» EXERCISE DIRECTIONS: Images excluded, return every record exactly as it reads.

» DATA SUPPLIED:
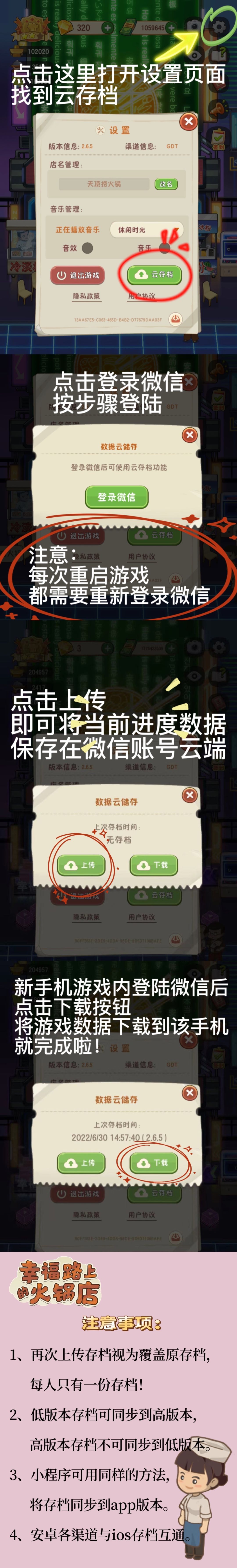 2.6.5版本更新内容 1.新增“云存档”功能(在设置界面中) 2.新增“霓虹”套装(1.2.3楼) 3.新增菜品锅底60 4.还原免费金币钻石领取位置到商店界面中 5.修复其他已知BUG 云存档已上线,感谢大家一直以来的支持 请大家仔细阅读存档方法和注意事项哦!!(*^▽^*)
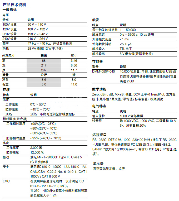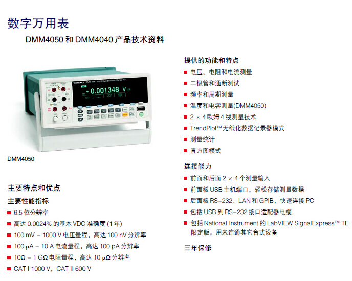 6.5位分辨率;高達0.0024%的基本VDC準確度(1年);100mV- 1000V電壓量程,高達100nV分辨率;100μA一10A電流量程,高達100pA分辨率;10Ω -1GΩ電阻量程,高達10μΩ分辨率;CAT I 1000V, CAT II 600V;電壓、電阻和電流測量 ;二極管和通斷測試;頻率和周期測量;2 x 4歐姆4線測量技術;TrendPlot?無紙化數(shù)據(jù)記錄器模式;測量統(tǒng)計。
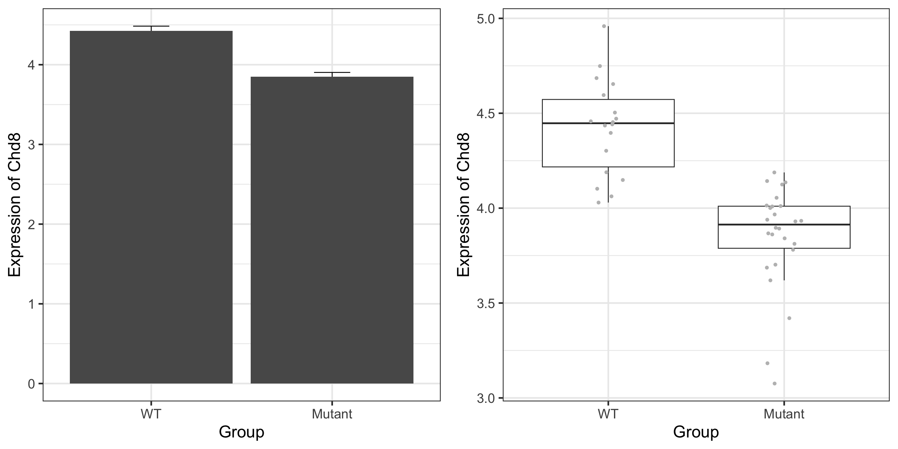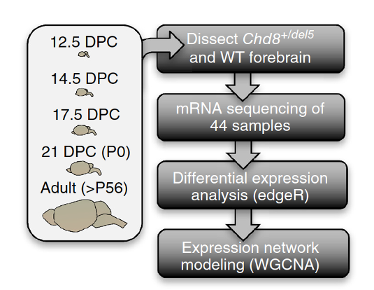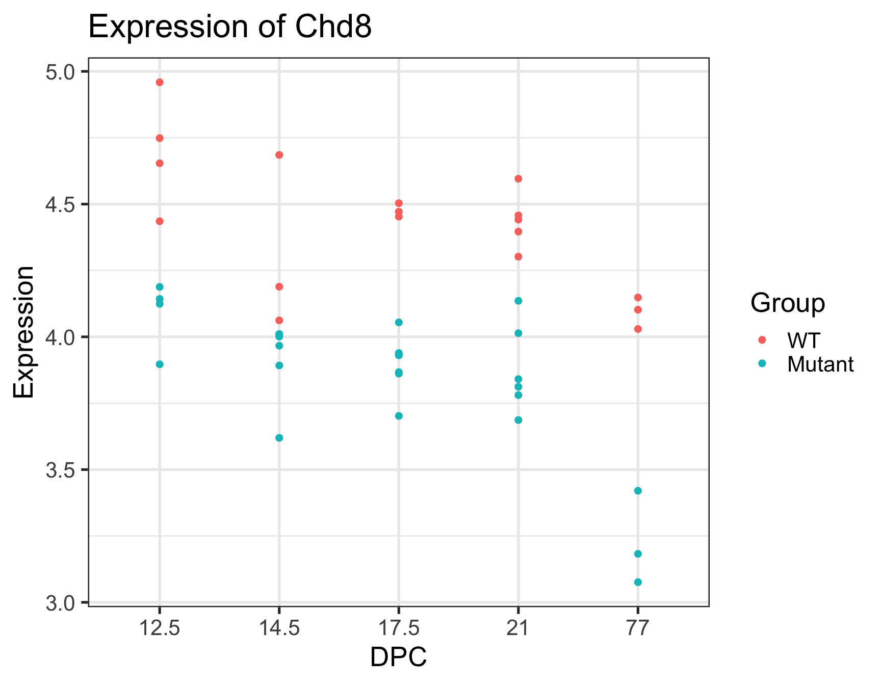 E keyCTRL/CMD+PGompers et al. (Nature Neuroscience 2017) performed RNA-seq on mice from two different genotypes (18 WT vs 26 CHD8 mutant) and 5 developmental stages
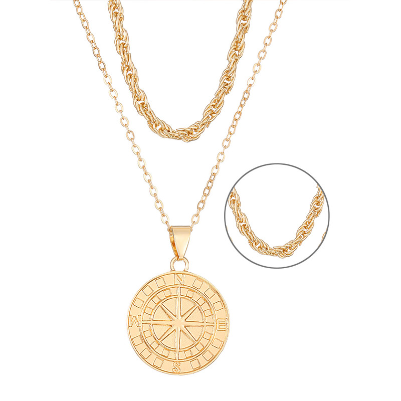 Men's Vintage Compass Pendant Necklace – Alloy Metal Double-Layer Chain, Nordic Viking Amulet, Nautical Jewelry for Travel Adventure
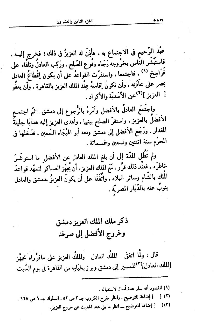 عبد الرّحيم فى الاجتماع به، فأذن له العزيز فى ذلك؛ فخرج إليه، فاستبشر النّاس بخروجه رجاء وقوع الصّلح. وركب العادل وتلقّاه على فراسخ «1» ، فاجتمعا، واستقرّت القواعد على أن يكون إقطاع العادل بمصر على عادته، وأن تكون إقامته عند الملك العزيز بالقاهرة، وأن يعفو [العزيز] «2» عن الأسديّة والأكراد.
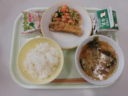 今日の給食は、ごはん、牛乳、魚のカレー揚げ またはハムチーズフライ、甘みそ和え、具だくさん汁、ソーダゼリー または シークワーサータルトです。
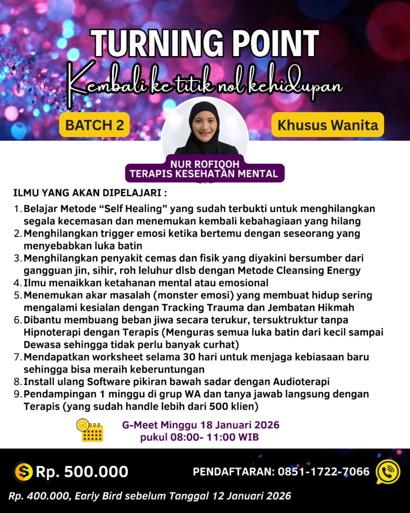 “Saya akan berikan ilmu Self Healing yang mudah dan simple , sehingga setiap hari bisa terbebas dari emosi negatif dan banyak keberuntungan datang dalam kehidupan, Ilmu ini berdasarkan pengalaman Terapis yang sudah bertahun-tahun ikut BERBAGAI kelas Self Healing dan Terapi ke berbagai tempat sebelum menjadi PRAKTISI”
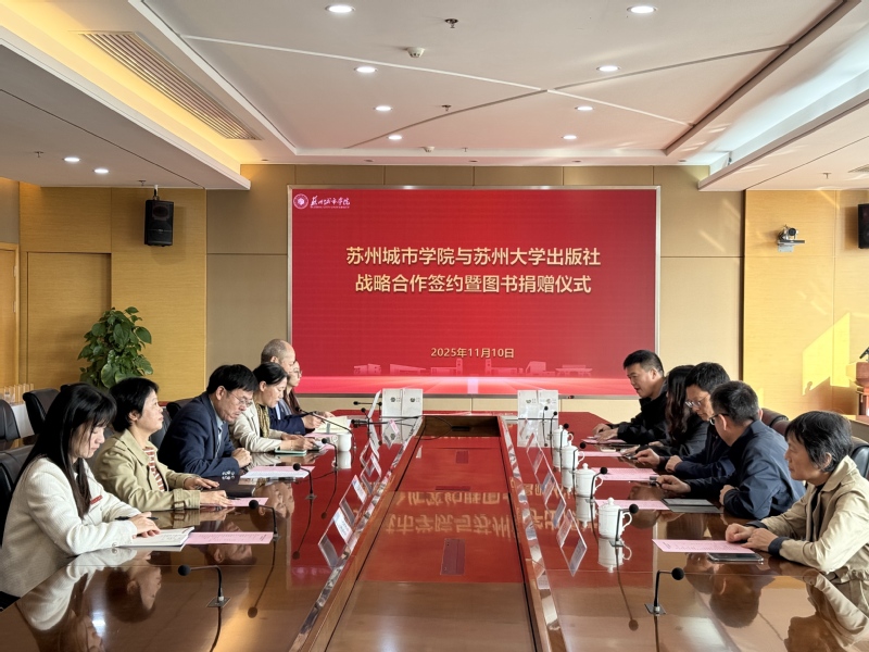 金秋送爽,书韵流芳。11月10日,我校与苏州大学出版社战略合作暨图书捐赠仪式在学校综合楼三楼大会议室隆重举行。此次活动标志着双方在学术出版、人才培养、文化传承等领域的深度合作正式启航。
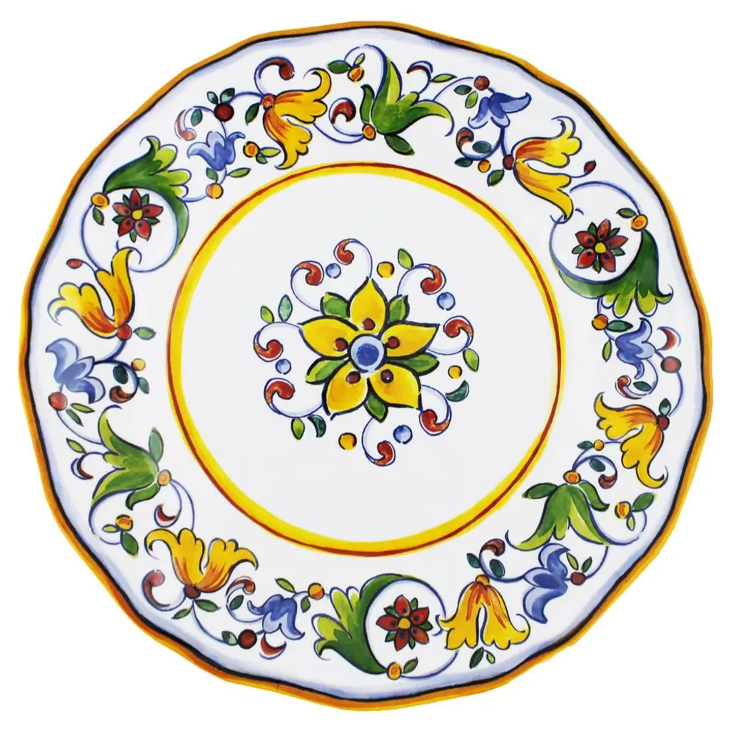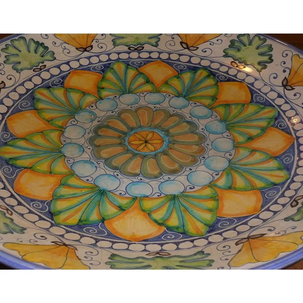 This plate features a delicate concave shape and is perfect for use as a centerpiece and can also be displayed on a wall to enhance the decor of any home. This exquisite piece was crafted according to traditional Tuscan ceramic-making techniques. Ventagli Chini decor was the inspiration behind this piece which was made as an homage to artist Tito Chini, active in the 1930's. The bright colors, in yellow, green, and orange, pop out on their white background. This piece comes complete with a wire hook for hanging and it is for decorative purposes only, not for food.
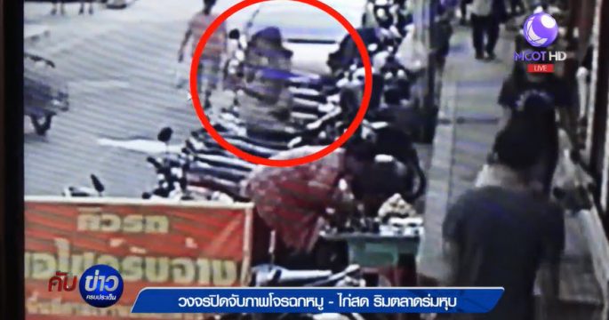 วงจรปิดจับภาพชัด ขณะโจรลักษณะเหมือนผู้หญิงแต่อาจจะเป็นสาวประเภท 2 ฉกหมูและไก่สดกว่า 1,000 บาท หนัก 12 กิโลกรัม ริมตลาดร่มหุบ เผยโดนมาแล้วหลายราย วอนเจ้าหน้าที่เร่งจับ
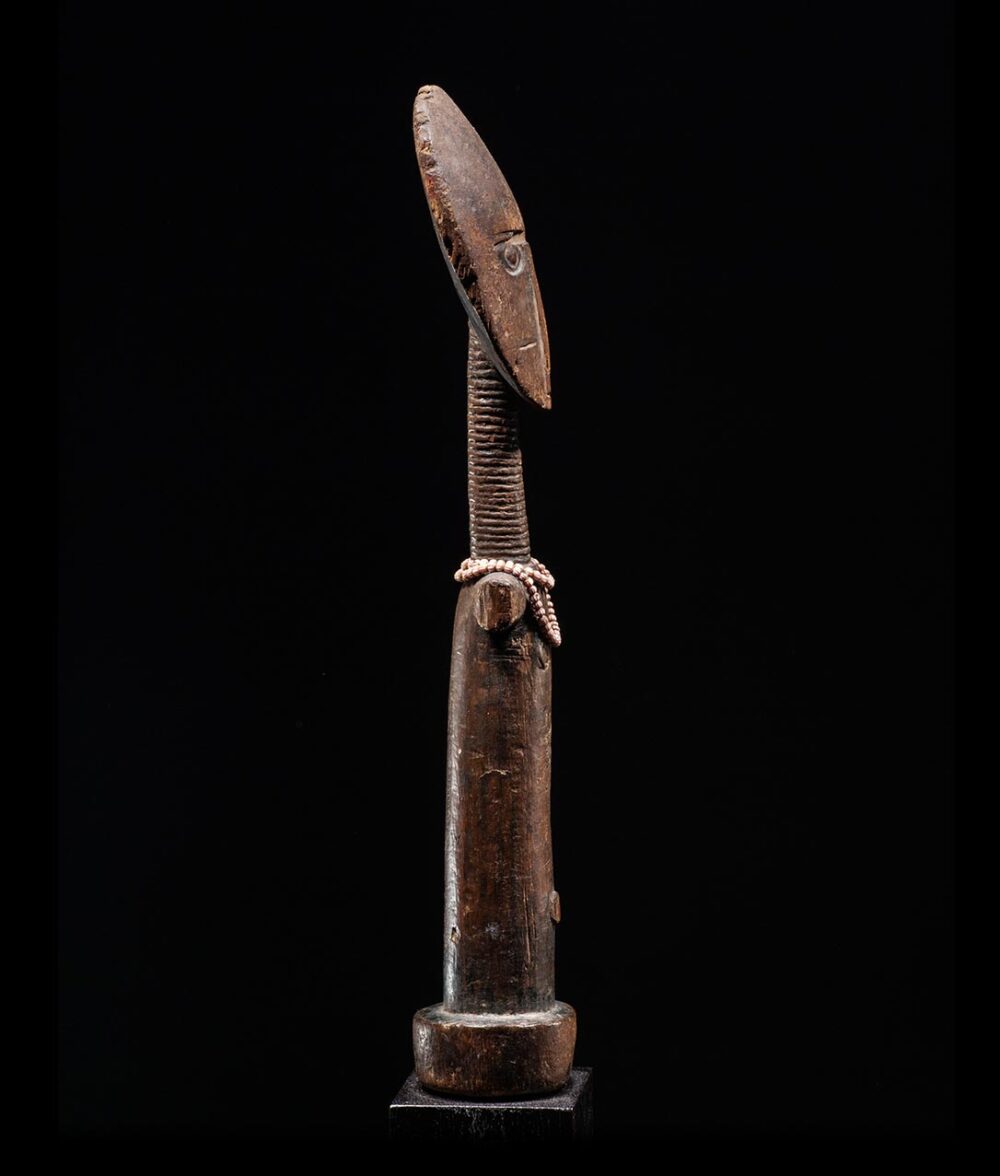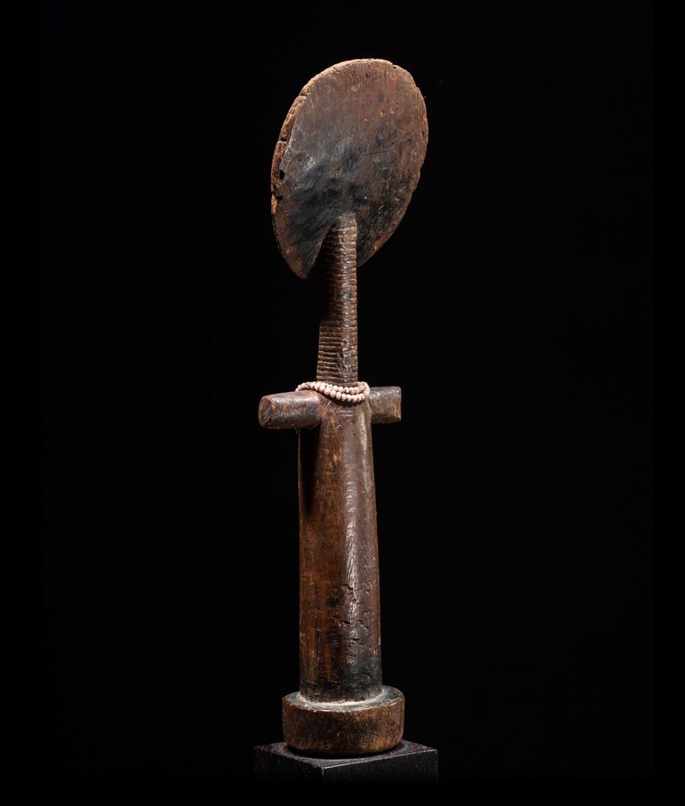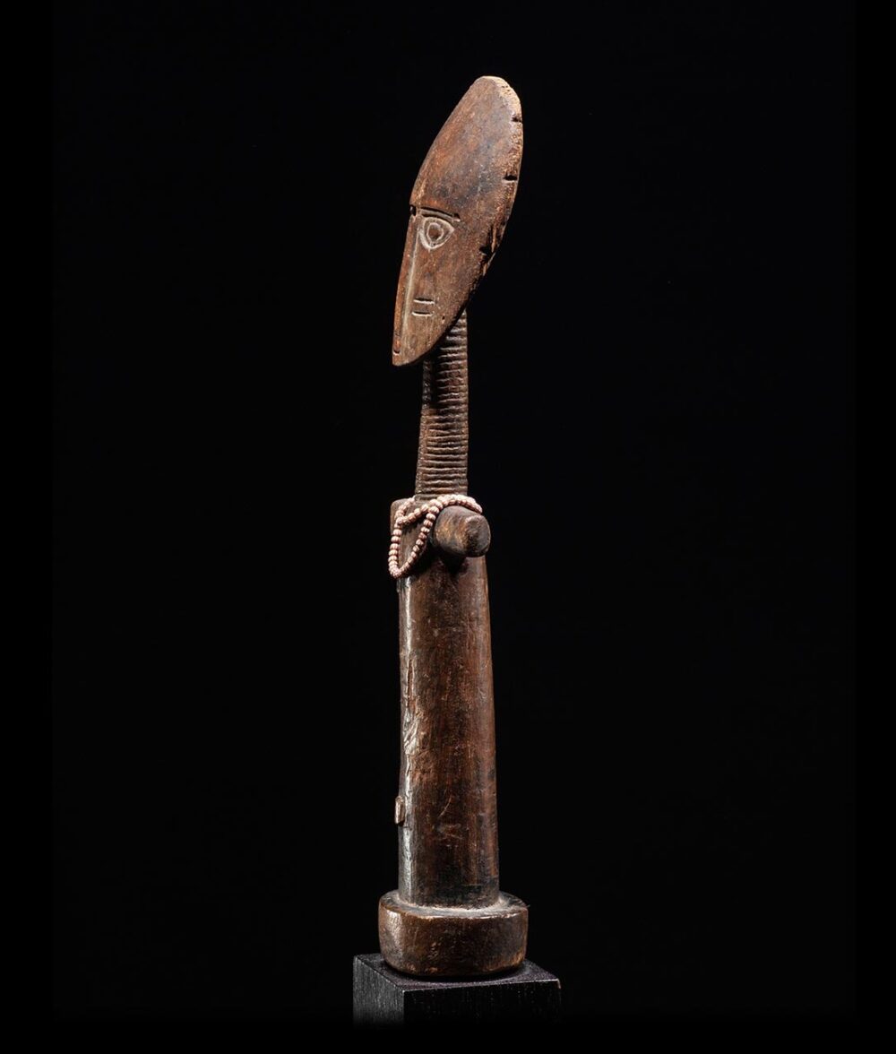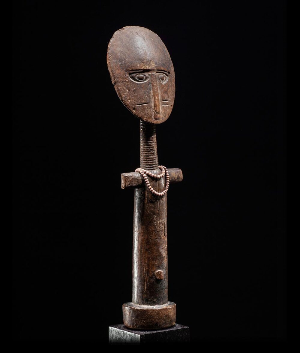 Akua mma dolls are known for their long neck, round face, high forehead, and small mouth. These characteristics are synonymous with Ashanti ideals of beauty and were carried by expectant mothers in order to encourage their unborn child to be beautiful. This example is in great condition and exhibits a beautiful dark brown patina, suggesting it was carried and used often. The head is large and circular, the face expertly carved with deeply cast eyes that have a piercing gaze. There is also some facial scarring. The long-stylized neck down to the arms of the sculpture is perfectly carved. Old glass European trade beads are draped around the figures neck and arms.

» RESULT FOR THIS EXERCISE:
 2.6.5版本更新内容 1.新增“云存档”功能(在设置界面中) 2.新增“霓虹”套装(1.2.3楼) 3.新增菜品锅底60 4.还原免费金币钻石领取位置到商店界面中 5.修复其他已知BUG 云存档已上线,感谢大家一直以来的支持 请大家仔细阅读存档方法和注意事项哦!!(*^▽^*)
 6.5位分辨率;高達0.0024%的基本VDC準確度(1年);100mV- 1000V電壓量程,高達100nV分辨率;100μA一10A電流量程,高達100pA分辨率;10Ω -1GΩ電阻量程,高達10μΩ分辨率;CAT I 1000V, CAT II 600V;電壓、電阻和電流測量 ;二極管和通斷測試;頻率和周期測量;2 x 4歐姆4線測量技術;TrendPlot?無紙化數(shù)據(jù)記錄器模式;測量統(tǒng)計。
 E keyCTRL/CMD+PGompers et al. (Nature Neuroscience 2017) performed RNA-seq on mice from two different genotypes (18 WT vs 26 CHD8 mutant) and 5 developmental stages
 Men's Vintage Compass Pendant Necklace – Alloy Metal Double-Layer Chain, Nordic Viking Amulet, Nautical Jewelry for Travel Adventure
 عبد الرّحيم فى الاجتماع به، فأذن له العزيز فى ذلك؛ فخرج إليه، فاستبشر النّاس بخروجه رجاء وقوع الصّلح. وركب العادل وتلقّاه على فراسخ «1» ، فاجتمعا، واستقرّت القواعد على أن يكون إقطاع العادل بمصر على عادته، وأن تكون إقامته عند الملك العزيز بالقاهرة، وأن يعفو [العزيز] «2» عن الأسديّة والأكراد.
 今日の給食は、ごはん、牛乳、魚のカレー揚げ またはハムチーズフライ、甘みそ和え、具だくさん汁、ソーダゼリー または シークワーサータルトです。
 “Saya akan berikan ilmu Self Healing yang mudah dan simple , sehingga setiap hari bisa terbebas dari emosi negatif dan banyak keberuntungan datang dalam kehidupan, Ilmu ini berdasarkan pengalaman Terapis yang sudah bertahun-tahun ikut BERBAGAI kelas Self Healing dan Terapi ke berbagai tempat sebelum menjadi PRAKTISI”
 金秋送爽,书韵流芳。11月10日,我校与苏州大学出版社战略合作暨图书捐赠仪式在学校综合楼三楼大会议室隆重举行。此次活动标志着双方在学术出版、人才培养、文化传承等领域的深度合作正式启航。
 This plate features a delicate concave shape and is perfect for use as a centerpiece and can also be displayed on a wall to enhance the decor of any home. This exquisite piece was crafted according to traditional Tuscan ceramic-making techniques. Ventagli Chini decor was the inspiration behind this piece which was made as an homage to artist Tito Chini, active in the 1930's. The bright colors, in yellow, green, and orange, pop out on their white background. This piece comes complete with a wire hook for hanging and it is for decorative purposes only, not for food.
 วงจรปิดจับภาพชัด ขณะโจรลักษณะเหมือนผู้หญิงแต่อาจจะเป็นสาวประเภท 2 ฉกหมูและไก่สดกว่า 1,000 บาท หนัก 12 กิโลกรัม ริมตลาดร่มหุบ เผยโดนมาแล้วหลายราย วอนเจ้าหน้าที่เร่งจับ
 Akua mma dolls are known for their long neck, round face, high forehead, and small mouth. These characteristics are synonymous with Ashanti ideals of beauty and were carried by expectant mothers in order to encourage their unborn child to be beautiful. This example is in great condition and exhibits a beautiful dark brown patina, suggesting it was carried and used often. The head is large and circular, the face expertly carved with deeply cast eyes that have a piercing gaze. There is also some facial scarring. The long-stylized neck down to the arms of the sculpture is perfectly carved. Old glass European trade beads are draped around the figures neck and arms.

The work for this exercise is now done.